To get the hang of the indexer, copy a few (2--10) HTML files into the current directory. The names of the files should end .html or .htm (uppercase or lowercase is not important). You might also want to add a couple of plain-text files (with names ending .txt or called readme, again not case-sensitive).

Do a simple run of the indexer of the files in the current directory by typing:

        java JIndexer -verbose Quick s output.dat ./ .

which:

runs the indexer in verbose mode (if you put the -verbose before the JIndexer token you will run the Java interpreter in verbose mode instead), and
builds a `Quick' index.
The output format is ``s'' (for SIMPLE-SMALL format, the only one that the supplied reader can handle).
The output file, which is in a highly-compressed binary format, is written to the file output.dat.
The first ``./'' tells JIndexer that all filenames will be relative to the current directory. This always has to be a directory name, and should end in ``/'' for UNIX systems, and ``\'' for Microsoft Windows systems. This argument is the common prefix or top directory. This part of the filename is not stored in the index; you give the applet a different prefix to prepend to names in the index to make a full URL.
The ``.'' says `index the directory . relative to the top directory', ie everything that looks like a suitable file starting in the top directory. Instead of this ``.'' you can supply one or more files or subdirectories to be indexed; any files supplied this way will be indexed (as if plain text if JIndexer cannot work out what type they actually are), and any subdirectories will be recursively explored.

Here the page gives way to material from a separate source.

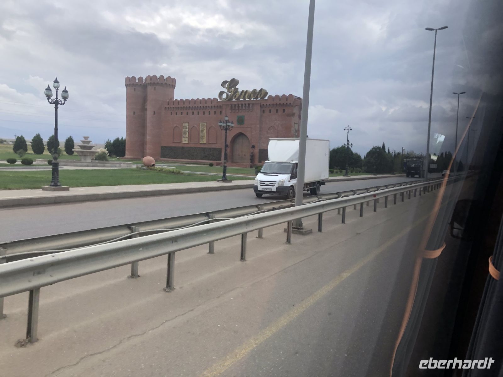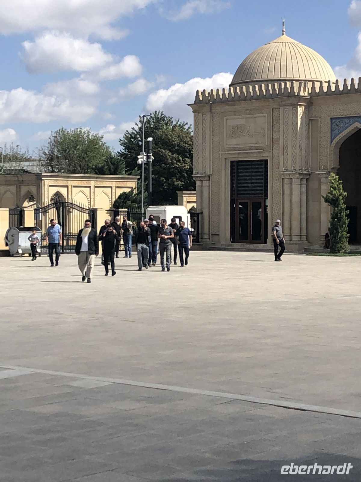 Wir verlassen Ganja, die nicht allzu weit entfernte imposante Imamzadeh-Moschee mit dem prächtigen türkisfarben leuchtenden Mausoleum ist unser erstes Ziel. Danach steht uns eine lange Fahrt von etwa 350 Kilometer zurück nach Baku bevor - doch diesmal mit gutem Straßenbelag:
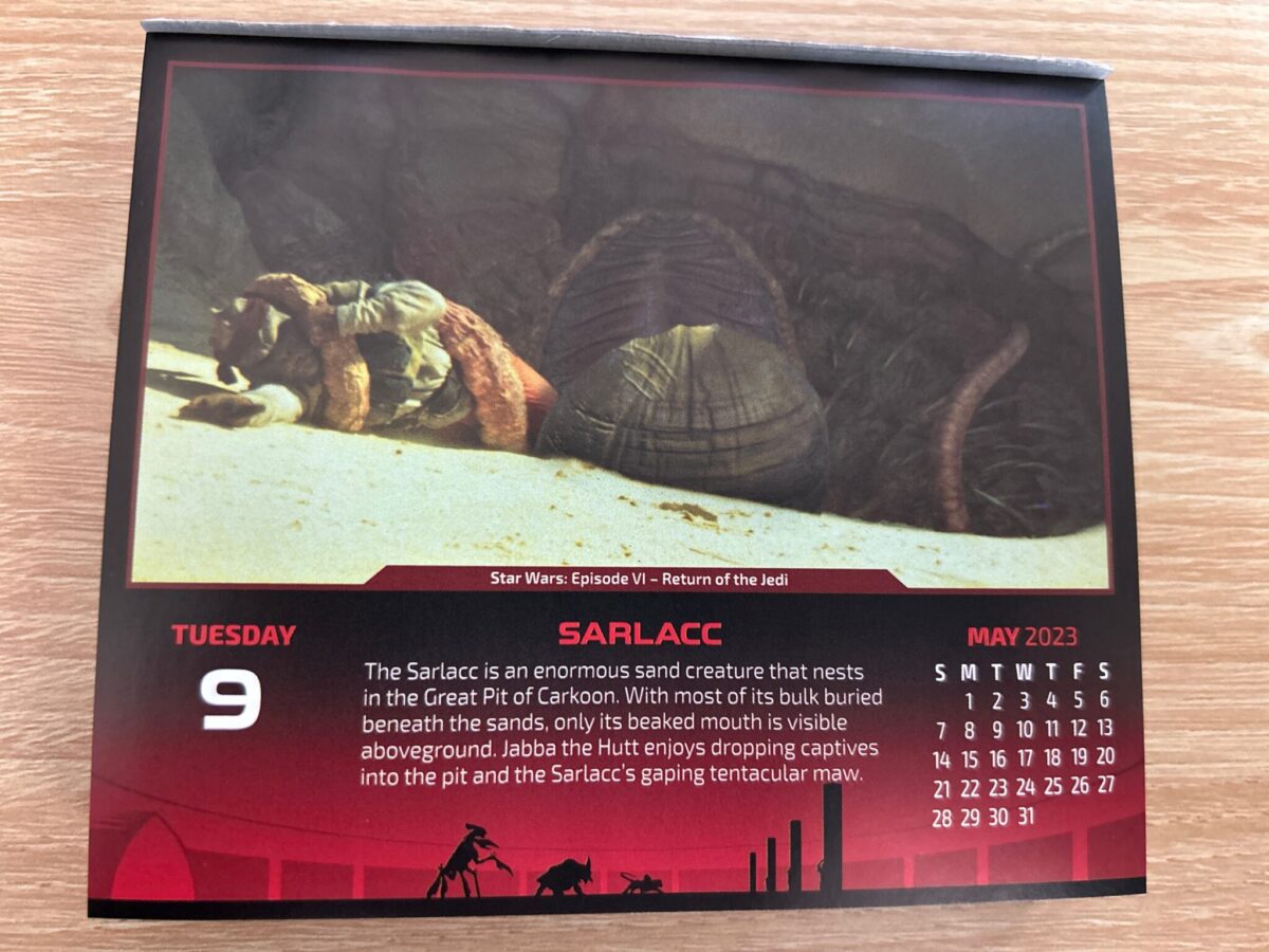 こんにちは。マスター・テッドです。 今日は5月9日 火曜日。 がんばって参りましょう。 本日のスター・ウォーズ カレンダー画像はこれ。 スター・ウォーズ:エピソードⅥ-ジェダイの帰還よりサルラック! Google翻訳によると The Sarlacc is an enormous sa... -

JIndexer will then recursively descend from the current directory, indexing any files it thinks are HTML or plain-text files.

Be aware that on UNIX systems, JIndexer follows symbolic links, so if you put a loop in your directory structure with such links, JIndexer will get stuck. If your structure is like this, use a tool such as find to generate a list of regular files to be indexed, and pass that list to JIndexer in place of the last ``.''.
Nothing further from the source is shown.